* **Stored data**:
================================

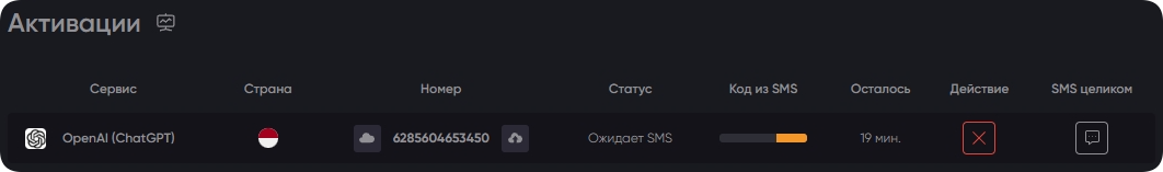 Любые одноразовые номера телефонов, для ChatGPT или любого другого веб-ресурса, активируются на 20 минут. Этого времени достаточно для прохождения регистрации, получения кода подтверждения. Если сообщение по каким-то причинам не прошло, можно запросить код повторно – деньги за это наши клиенты не платят и количество SMS-ок от одного веб-ресурса на один онлайн-телефон не ограничено.
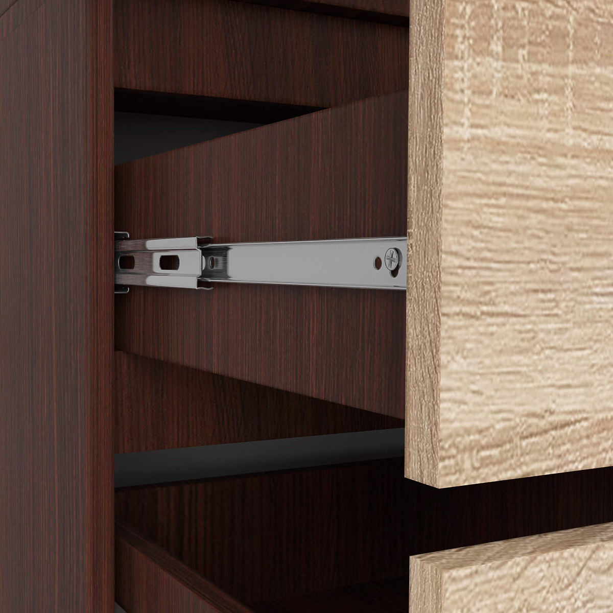 The featured wardrobes combine functionality and modern design. Made from high-quality laminated boards, they exhibit increased resistance to abrasion and other mechanical damages. The edges of the wardrobes, being the most exposed to damage, have been additionally reinforced with ABS edging. This ensures that the furniture maintains its perfect appearance throughout its use. The combination of two color motifs – dark, deep wenge and light, cool sonoma – creates a very original and modern design.
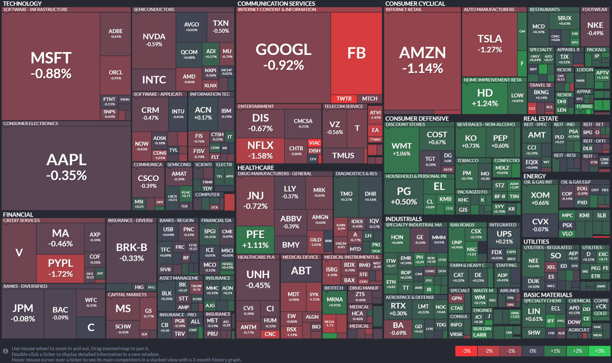 1. 다우 -0.16%,나스닥 -0.61%,S&P 500 -0.26%
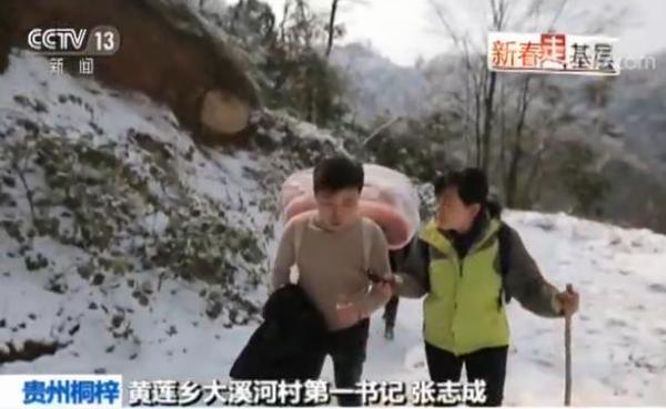 從楠木壩組到黃蓮鄉(xiāng)政府所在地有5公里,路面已經(jīng)出現(xiàn)凝凍,兩位干部也早早來幫忙,走了3個多小時才到達目的地。
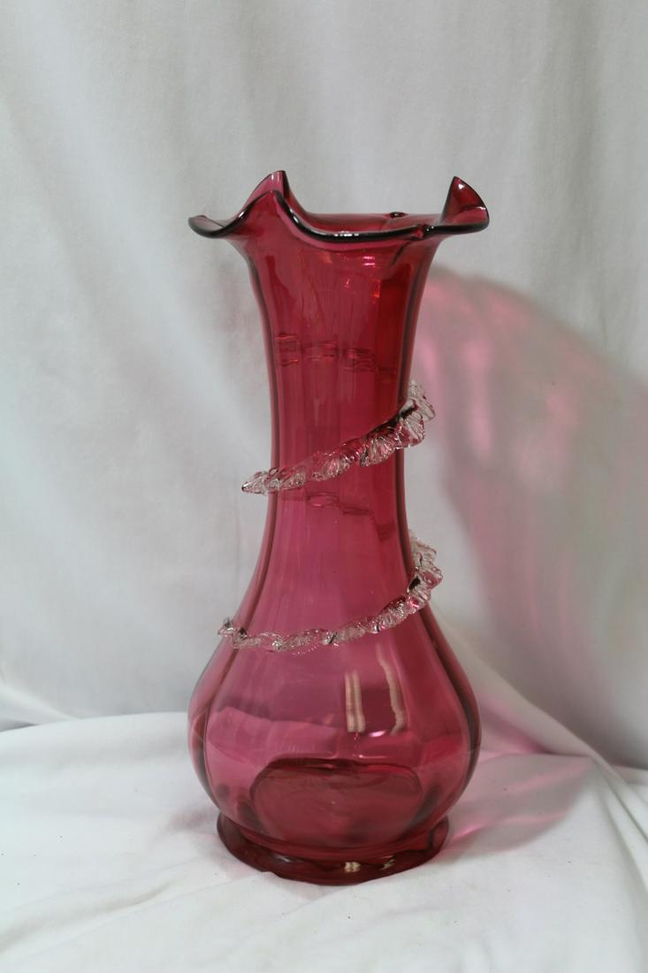 SoldBeautiful Cranberry Hand Blown Art Glass VaseBeautiful cranberry ruffled top art glass vase. Hand blown. White dot accents. No chips or cracks. Approximately 12"h. Photos are considered part of the condition and description. 413-31See Sold Price
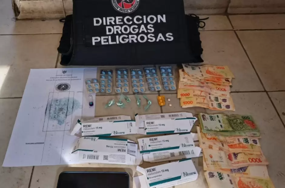 En el lugar, los policías secuestraron envoltorios de plástico con sustancia tipo polvo, de color blanco, que al ser sometida a la prueba de campo correspondiente arrojó como resultado positivo para probable cocaína, que quedó en calidad de secuestro al igual que 57 pastillas de Midazolam de 15 mg., cinco comprimidos de Clonazepam, un teléfono celular y la suma de$23.500 en efectivo, que fueron puestos a disposición de la Justicia interviniente, desde donde se impartieron las medidas a seguir.
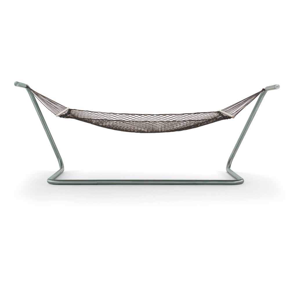 Hängematte im schwarzen Gartennetz mit Sockel, modernes Design made in Italy.
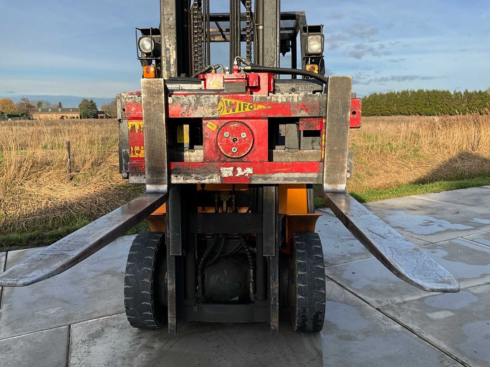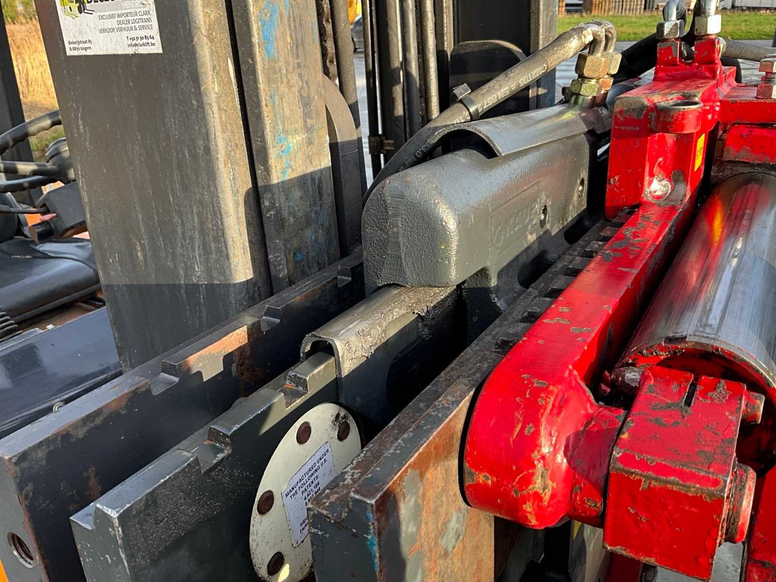 Waaronder: Wifo Rotator Vorken - 2500 kg Kaup 2T151P2 Zijschakeling - 2500 kg Moba BNR 20 GA Weegsysteem Merk: Clark Type: CMP-20L Brandstof: LPG Mast: Duplex Soort band: Volrubberbanden Aantal wielen: 4 Side-shift: true Roterend vorkenbord: true Duplex mast: true Hefvermogen: 2000kg Lepellengte: 1100mm Max. hefhoogte: 4000mm Hefhoogte: 4000mm Vol rubber banden: true Totale afmeting L: 3650mm Totale afmeting Breedte: 1120mm Totale afmeting Hoogte: 2600mm LPG: true
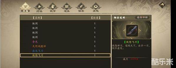 7.隐侠飞刀(蓉城文殊院中间房子 进门需内力100)
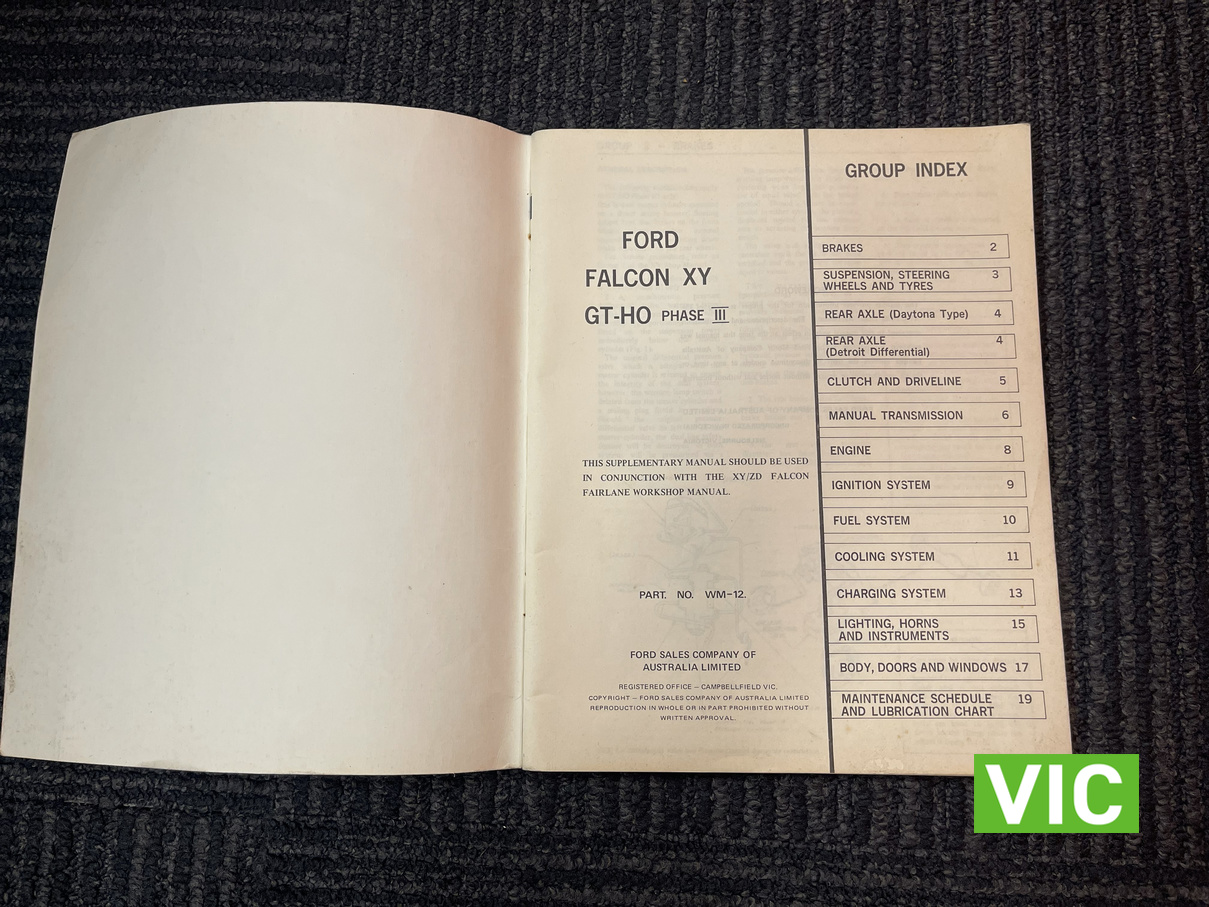 Genuine Ford Falcon XY GT-HO Phase III Manual.
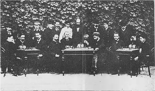 Слева направо (сидят): А. К. Рубинштейн, М. Венгеров, Г. С. Сальве, М. И. Чигорин, М. Лохтин, …, В. Н. Юревич, О. С. Бернштейн, Э. С. Шифферс, Ф. И. Дуз-Хотимирский
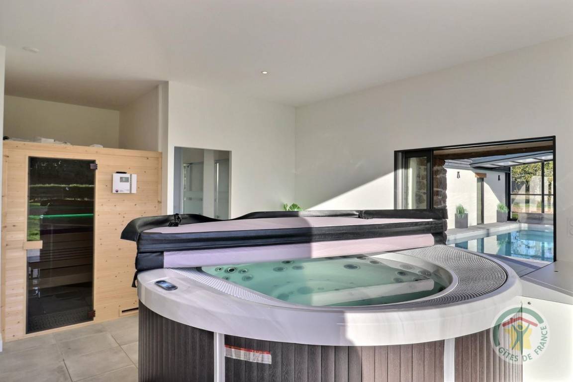 8 km von Paimpont entfernt lädt Sie dieses große, freistehende Bauernhaus mit 350 m² zu einem exotischen Aufenthalt im Herzen der Natur auf einem über 7.000 m² großen Grundstück ein. Dieses charaktervolle Haus in grüner Umgebung lädt zum Ausruhen und Entspannen ein und bietet einen schönen Wellnessbereich mit Spa und Sauna sowie einen herrlichen, beheizten, verglasten Pool, der das ganze Jahr über zugänglich ist. Dieses sehr komfortable Cottage ist modern und komplett ausgestattet und empfängt Sie in einer warmen Atmosphäre mit eleganter und gepflegter Dekoration. Die Südausrichtung garantiert schönes Licht in den Wohnräumen, die so eingerichtet sind, dass sie die Geselligkeit fördern. Sie werden diese privilegierte Umgebung mit den beiden mit Gartenmöbeln, Außenmöbeln, Liegestühlen und Gasgrill ausgestatteten Terrassen in vollen Zügen genießen und der Pétanque-Platz erwartet Sie für sportliche Herausforderungen!
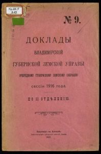 ВЛАДЙМІРСКОЙ ГУБЕРНСКОЙ ЗЕМСКОЙ УПРАВЫ ОЧЕРЕДНОМУ ГОЕРНСШШ 3EMCK0MF СОБРАШЮ сессіи 1916 года. ПО П ОТДѢЛЕНІЮ. Владиміръ на Клязьмѣ. Типо-литографія губернской земской управы. 1917. Ч)
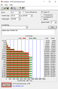 Patriot quotes Sequential performance figures for the 1TB VPN100 as up to 3,450MB/s for reads and up to 3,000MB/s for writes. Using the ATTO benchmark we could confirm both figures, with the review drive producing a read score of 3,414MB/s and 3,064MB/s for writes.
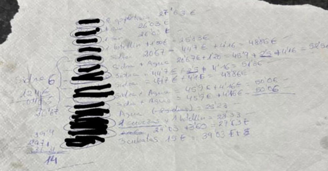 El mensaje iba acompañado de una imagen que dejó a muchos con los ojos como platos, sobre todo a quienes no eran precisamente brillantes en Matemáticas durante el colegio. En un trozo de mantel improvisado, el personal del local anotó los nombres de los 15 comensales y, junto a cada uno, el total de lo que había consumido. El resultado: una hoja caótica e ininteligible que ha generado un intenso debate en redes sociales.
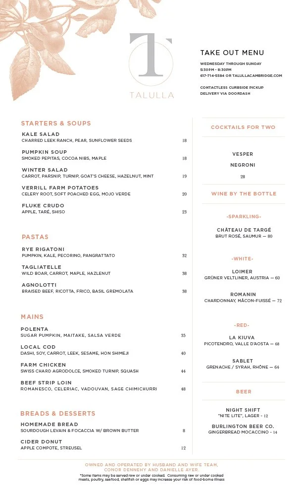 Talulla is available for take out & delivery
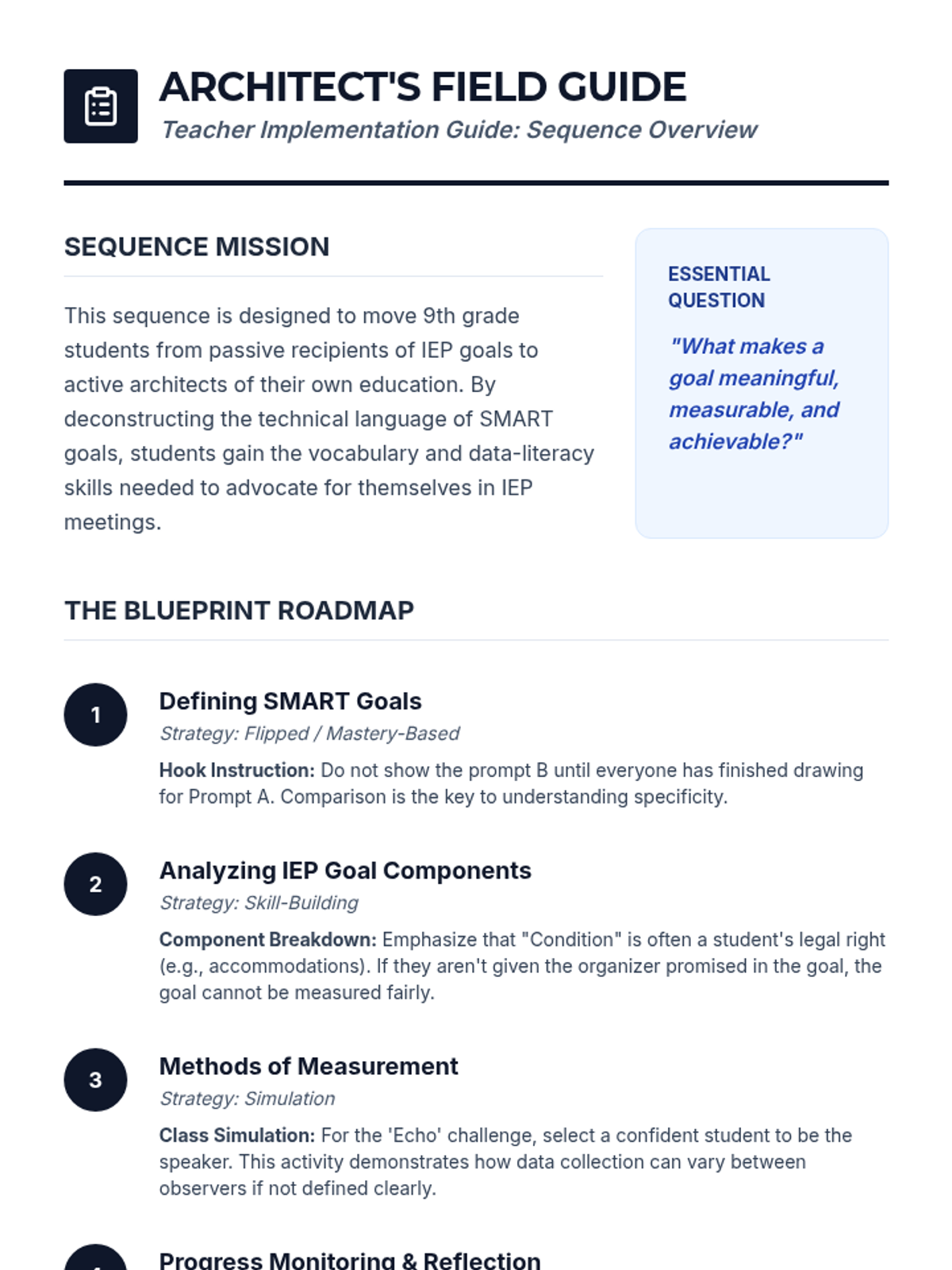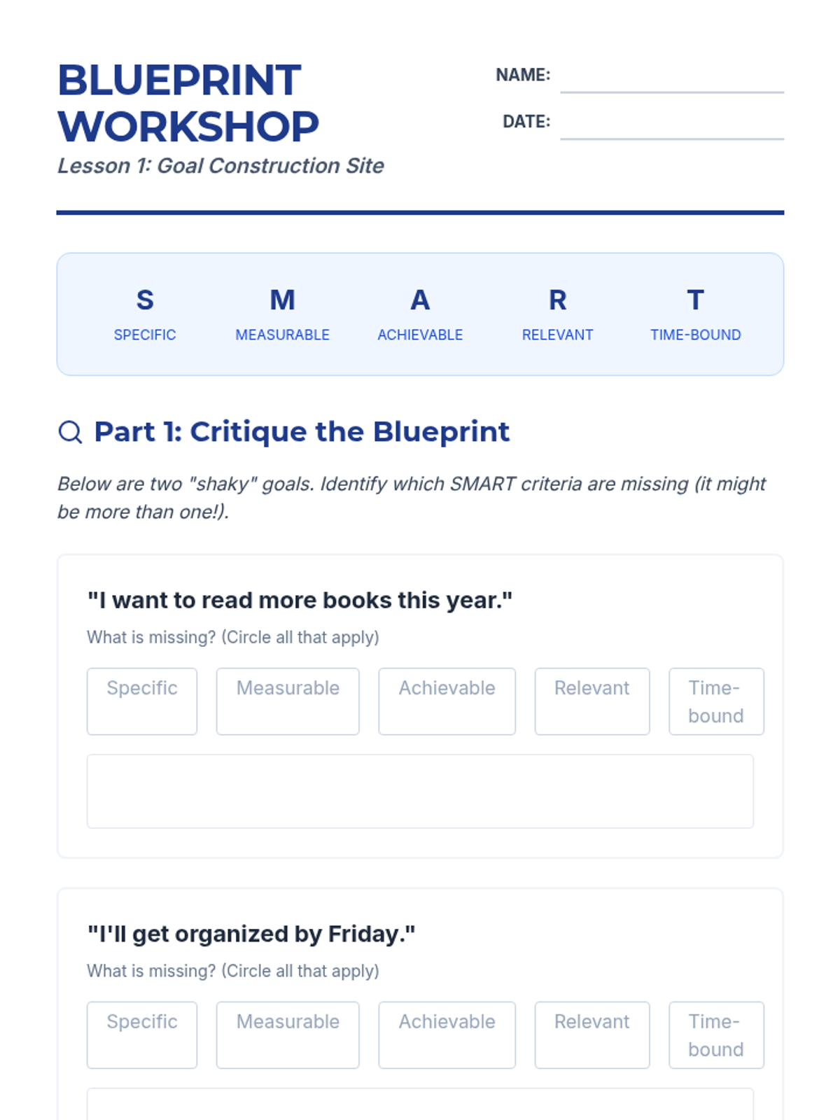 Students learn the SMART criteria through a 'draw a house' hook and practice transforming vague goals into specific, measurable statements.

================================

* **About this exercise**: Restate the material word for word from its first line through the line containing "從楠木壩組到黃蓮鄉(xiān", both included; the pictures do not belong in it.

* **Response to the exercise**:
 Любые одноразовые номера телефонов, для ChatGPT или любого другого веб-ресурса, активируются на 20 минут. Этого времени достаточно для прохождения регистрации, получения кода подтверждения. Если сообщение по каким-то причинам не прошло, можно запросить код повторно – деньги за это наши клиенты не платят и количество SMS-ок от одного веб-ресурса на один онлайн-телефон не ограничено.
 The featured wardrobes combine functionality and modern design. Made from high-quality laminated boards, they exhibit increased resistance to abrasion and other mechanical damages. The edges of the wardrobes, being the most exposed to damage, have been additionally reinforced with ABS edging. This ensures that the furniture maintains its perfect appearance throughout its use. The combination of two color motifs – dark, deep wenge and light, cool sonoma – creates a very original and modern design.
 1. 다우 -0.16%,나스닥 -0.61%,S&P 500 -0.26%
 從楠木壩組到黃蓮鄉(xiāng)政府所在地有5公里,路面已經(jīng)出現(xiàn)凝凍,兩位干部也早早來幫忙,走了3個多小時才到達目的地。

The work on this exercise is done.